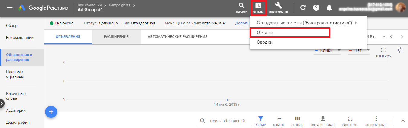 Чтобы ознакомиться с данными отчётов в Google Рекламе, кликните по соответствующей ссылке в верхней части дашборда и перейдите в раздел «Отчёты».
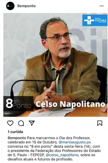 O programa Oito em Ponto da rádio Cultura FM de São Paulo entrevistou Celso Napolitano, Fepesp e SinproSP, na manhã desta sexta-feira, 14/10. O mote foi a comemoração do Dia da Professora e do Professor  neste sábado.
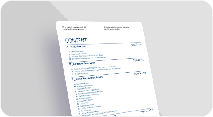 To go directly to any chapter, simply click All references to chapters, notes, internet pages, etc. on the headline or the page number. within this report are also linked. CONTENT A _ To Our Investors Pages 1 – 14 2 Letter to the Investors 4 Supervisory Board Report 12 Mandates of the Members of the Supervisory Board 13 Mandates of the Members of the Board of Management B _ Corporate Governance Pages 15 – 52 16 Statement on Corporate Management (part of the Group Management Report) 25 Takeover-Related Statements and Explanations (part of the Group Management Report) 27 Remuneration Report C _ Group Management Report Pages 53 – 116 54 Business Operations 57 Non-Financial Statement 75 Business Environment 77 Executive Summary of 2021 Results 78 Property-Casualty Insurance Operations 80 Life/Health Insurance Operations 83 Asset Management 85 Corporate and Other 86 Outlook 2022 90 Balance Sheet Review 92 Liquidity and Funding Resources 95 Reconciliations 97 Risk and Opportunity Report 116 Integrated Risk and Control System for Financial Reporting D _ Consolidated Financial Statements Pages 117 – 194 118 Consolidated Balance Sheet 119 Consolidated Income Statement 120 Consolidated Statement of Comprehensive Income 121 Consolidated Statement of Changes in Equity 122 Consolidated Statement of Cash Flows NOTES TO THE CONSOLIDATED FINANCIAL STATEMENTS 125 General Information 145 Notes to the Consolidated Balance Sheet 161 Notes to the Consolidated Income Statement 166 Other Information E _ Further Information Pages 195 – 204 196 Responsibility Statement 197 Independent Auditor’s Report 204 Auditor’s Report

— About this exercise —
The lines running from the beginning of the listing above through the line that holds "O programa Oito" are to be duplicated exactly, both ends kept, pictures omitted.

— Solution below —
 Чтобы ознакомиться с данными отчётов в Google Рекламе, кликните по соответствующей ссылке в верхней части дашборда и перейдите в раздел «Отчёты».
 O programa Oito em Ponto da rádio Cultura FM de São Paulo entrevistou Celso Napolitano, Fepesp e SinproSP, na manhã desta sexta-feira, 14/10. O mote foi a comemoração do Dia da Professora e do Professor  neste sábado.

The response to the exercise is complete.